The fourth category "Functional Areas" addresses the following question: Which functional areas are covered? The functional areas originated from the ISO Telecommunications Management Network model and framework for network management.

- Fault management
- Configuration management
- Accounting management
- Performance management
- Security management

== Category #5: Management Paradigms ==

The fifth category "Management Paradigms" addresses the following question: Which paradigm is used to achieve network and service management?

- Centralized Management
- Hierarchical Management
- Distributed Management
- Federated Management
- Autonomic and cognitive management
- Policy- and Intent-Based Management
- Model-Driven Management
- Pro-active Management
- Energy-aware Management
- QoE-Centric Management

== Category #6: Technologies ==

The sixth category "Technologies" addresses the following question: Which technologies are used in the management process?

- Communication protocols
- Middleware
- Overlay networks
- Peer-to-Peer Networks
- Cloud Computing and Cloud Storage
- Data, Information and Semantic Models
- Information visualization
- Software-defined networking
- Network function virtualization
- Orchestration
- Operations and business support systems
- Control and Data Plane Programmability
- Distributed Ledger Technology

== Category #7: Methods ==

The seventh category "Methods" addresses the following question: What are the methods used to address the management problem?

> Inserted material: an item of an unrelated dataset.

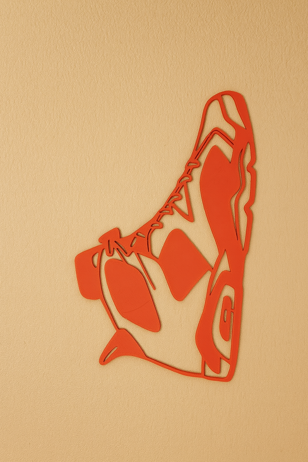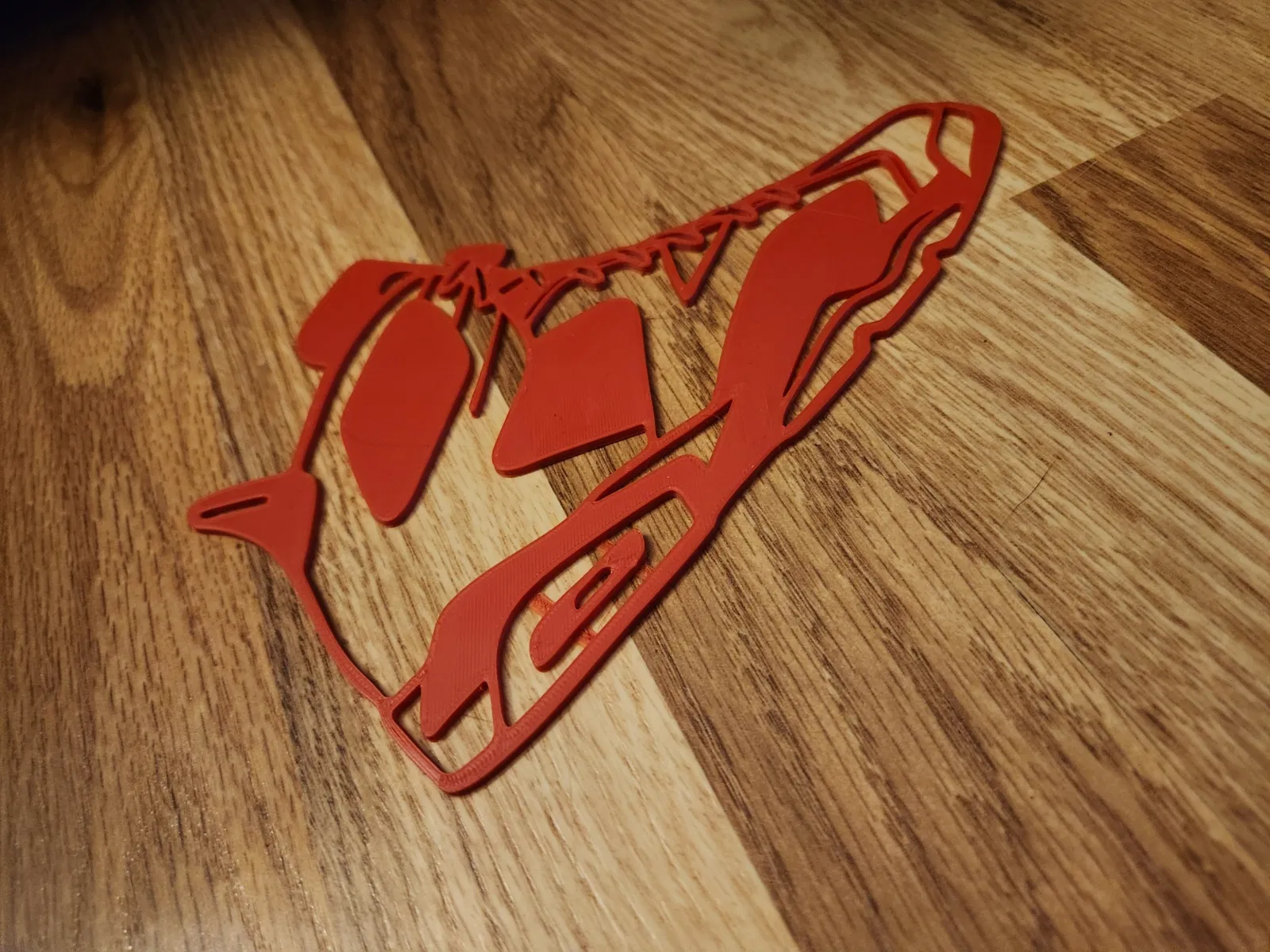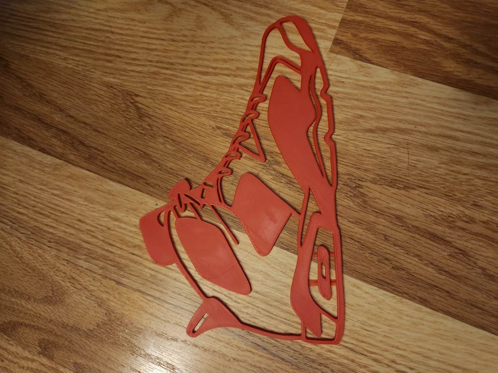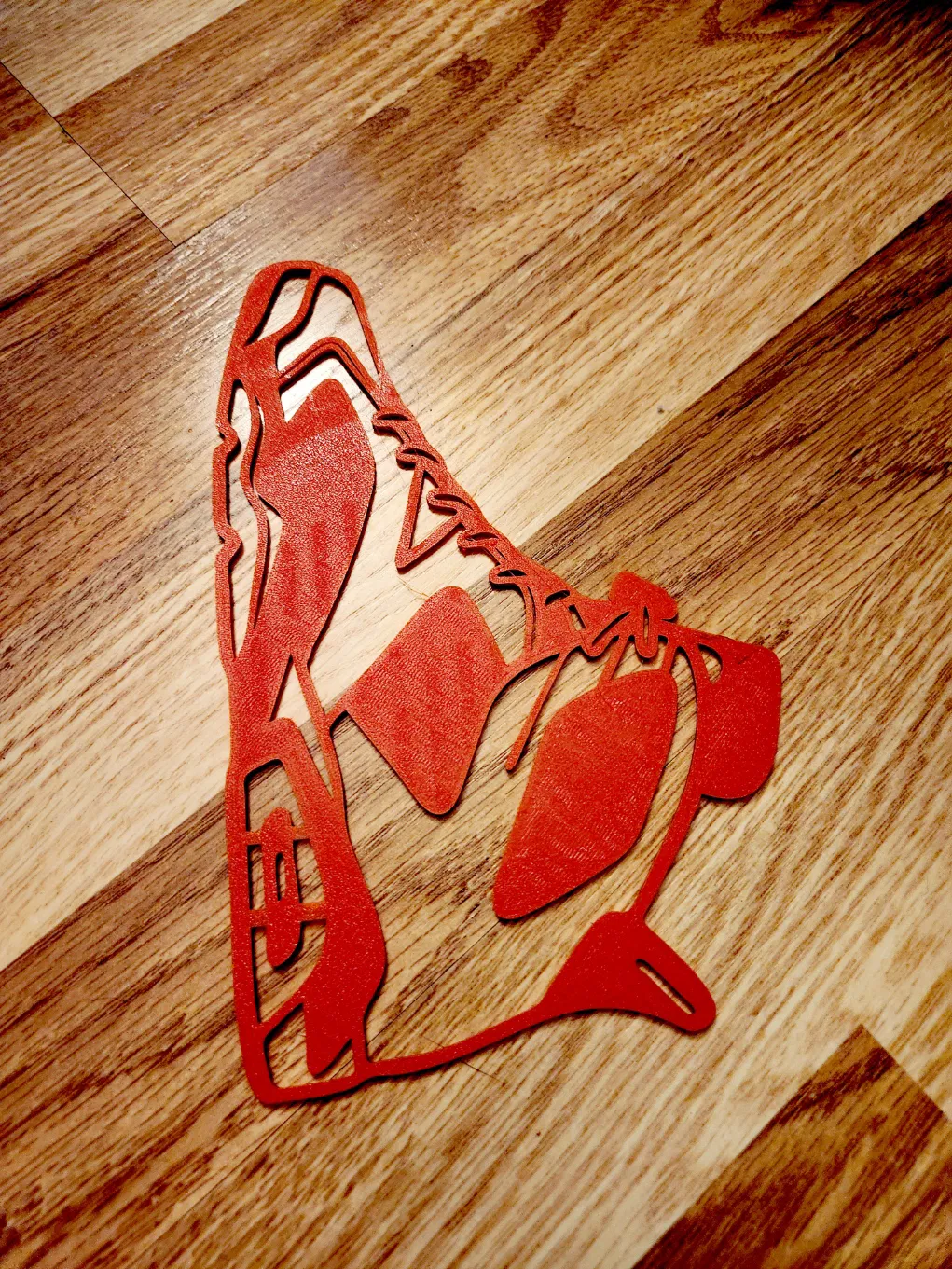 Wall art silhouette Jordan VI (6) theo kiểu viền mảnh, in nhanh và dễ, không cần supports. Phù hợp trang trí phòng sneaker, góc gaming, phòng ngủ hoặc trưng bày shop. Gợi ý layer 0.20 mm, 3 walls, infill 0–15%.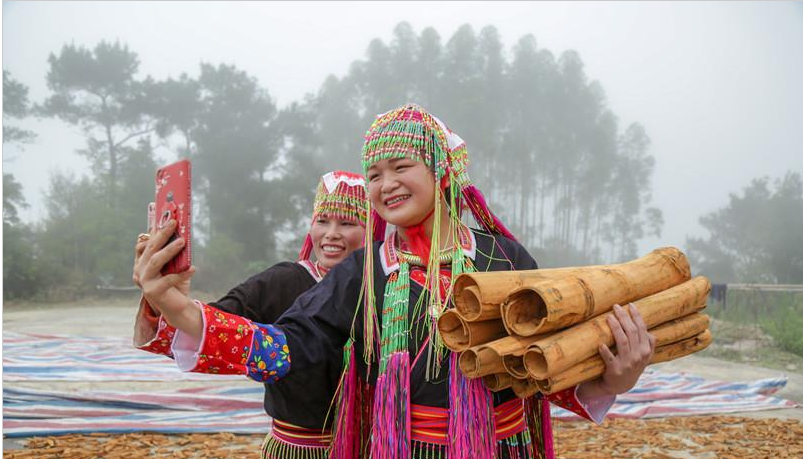 近日,在上思县南屏瑶族乡枯叫村肉桂晒场上,两个瑶族妇女抱着金黄的桂皮自拍。

- Mathematical logic and automated reasoning
- Optimization Theories
- Control theory
- Probability theory, stochastic processes, and queuing theory
- Artificial Intelligence and Machine Learning
- Evolutionary algorithms
- Economic theory and game theory
- Monitoring and measurements
- Data mining and (big) data analysis
- Computer simulation experiments
- Testbed Experimentation and Field Trials
- Software Engineering Methodologies

==See also==
- ACM Computing Classification System
- Taxonomy (general)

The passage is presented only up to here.